A confusing or poorly designed ballot with lots of candidates can also lead sizable numbers of voters to make mistakes and have their votes disqualified. In California’s 2016 U.S. Senate race, where there were 34 candidates, more than half of the state’s counties listed the candidates in two columns. That layout prompted “over-votes” by 3.6 percent of voters, meaning they voted more than once and their vote didn’t count.
Quesenbery was less concerned about South Carolina’s new touch-screen system than with the new telephone systems in Iowa and Nevada.

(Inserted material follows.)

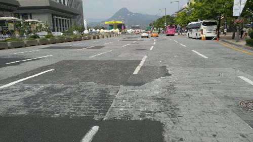 하지만, 울퉁불퉁한 돌 포장이 광화문 광장 양쪽을 오가는 차량의 속도를 줄여 줄 것이라는 ‘핑크빛 기대’는 정작 도로가 차를 견디지 못하면서 8년만에 수포로 돌아갔다.

South Carolina voters were used to voting on touch screens, she said, even if they were not very good. (Its legacy voting machines were being replaced for a range of age, security, performance and auditing concerns.) The same would hold true for other states deploying new touch-screen systems, she said.

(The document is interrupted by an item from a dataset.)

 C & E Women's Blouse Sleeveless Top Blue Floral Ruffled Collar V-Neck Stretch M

“We have all gotten used to working on a screen and to be able to move through things,” Quesenbery said. “The other thing is that if you have a long list [of candidates], an alphabetical list makes some sense, because if you know you want to vote for Elizabeth Warren, and you can read English, you know where she’s going to be on the list.”
Chris Hayler, a partner with Stones’ Phones, the vendor creating the telephone-voting interface for Iowa and Nevada, said that his firm was programming options for voters to make some shortcuts in the virtual caucus process.

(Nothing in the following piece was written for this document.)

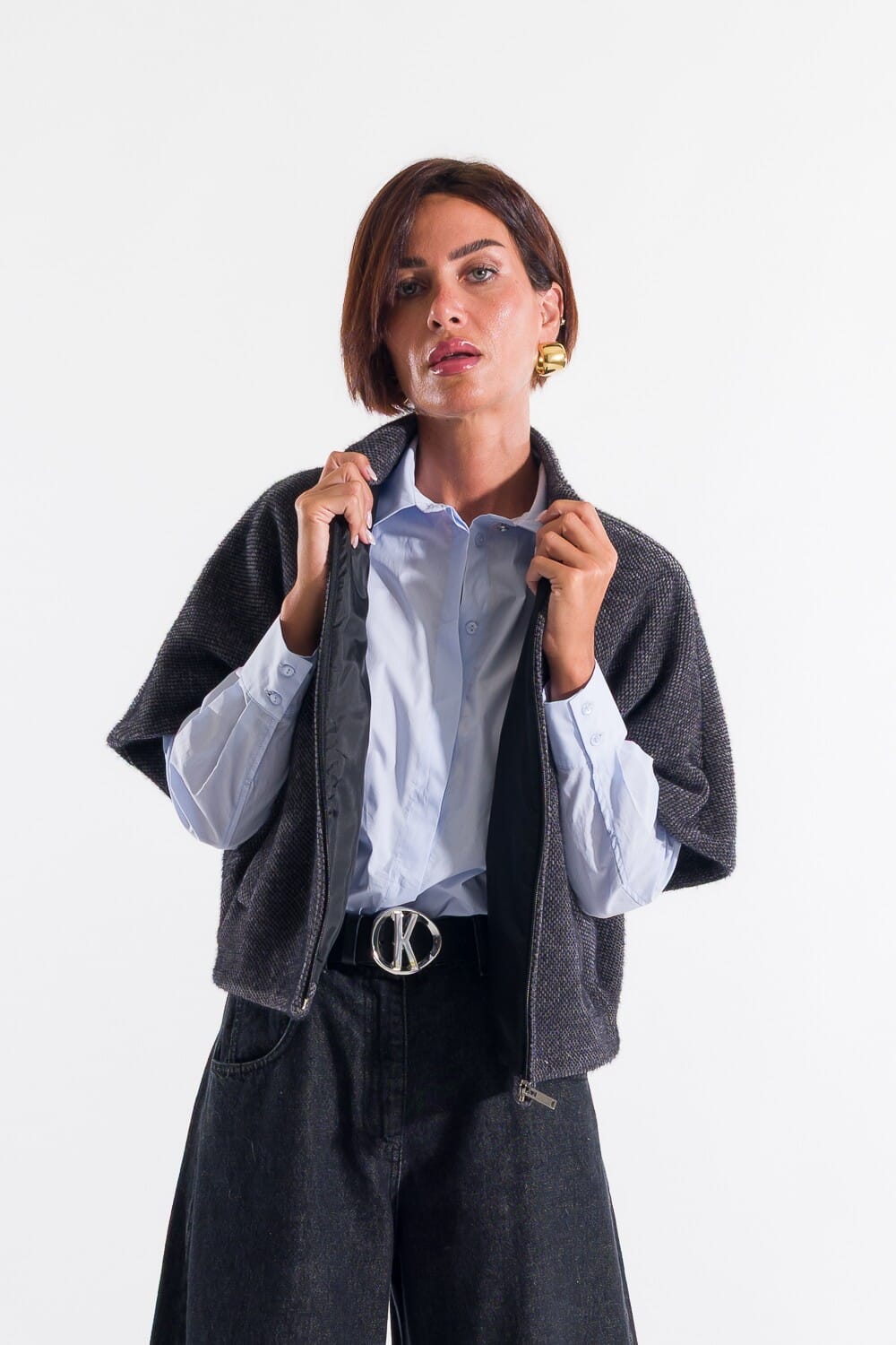 Kontatto signe une micro-casquette à la coupe souple et légèrement caissonnée, idéale pour les superpositions. Tissu bouclé doux avec intérieur lisse pour un confort quotidien. Col montant et zip frontal sur toute la longueur, manches kimono qui affinent la silhouette. Parfait pour le bureau et les loisirs.

“We will enable coding so if you have voted as many preferences as you have, then you can basically stop and finish,” he said. “If you just wanted to caucus only for Bernie and nobody else, you could push their number. And as you start to begin the second round of your presidential preference voting, it would say, ‘This is your second round… if you don’t want to enter a preference or you’re done at any time, you can push or say 99, or whatever the number we program, so you can opt out.’”
Hayler estimated that it would take “five to ten minutes” for each virtual voter in 2020.
“It’s going to be read off alphabetically each time. So, ‘for Biden, press one,’ and it goes on like that, in the same number order each time,” he said. “Some folks will start to pick up on what their preferences are and they can enter their preference in advance of it. So, if in the second preference, they want to go with Elizabeth Warren, and then wrote down that she is number 22, or whatever it is, then they can just push in or say ‘22.’ And after each time they indicate a preference, we will read back that preference and ask them to confirm it, just to make sure that it is right.”
If people struggled with the telephone system, they could call a help-desk number and would be directed to Iowa or Nevada state party offices, he said.
There was no doubt that the ballot order could help or hurt certain contenders in 2020’s early contests, Quesenbery said. But such order effects occur when the voting system is working properly and easy to use, she said, raising her other expertise, usability issues. It was essential that Iowa and Nevada tested their virtual systems and planned for well-staffed help desks to deal with the ‘customer service’ problems that likely will arise.
“Errors that are big enough to have an impact on an election show up pretty easily,” she said, adding that relatively small-scale tests would reveal problems, especially for “people with low literacy, people who are not digitally savvy, [and] people who don’t speak English very well.” Otherwise, “it is like jumping off of a diving board and hoping someone has filled the pool.”
But even if deploying virtual voting in Iowa and Nevada, and new touch screens in South Carolina, work without any user issues, the large pool of Democratic hopefuls means that some candidates will face advantages or disadvantages due to the ballot order. And they will only have the alphabet to blame.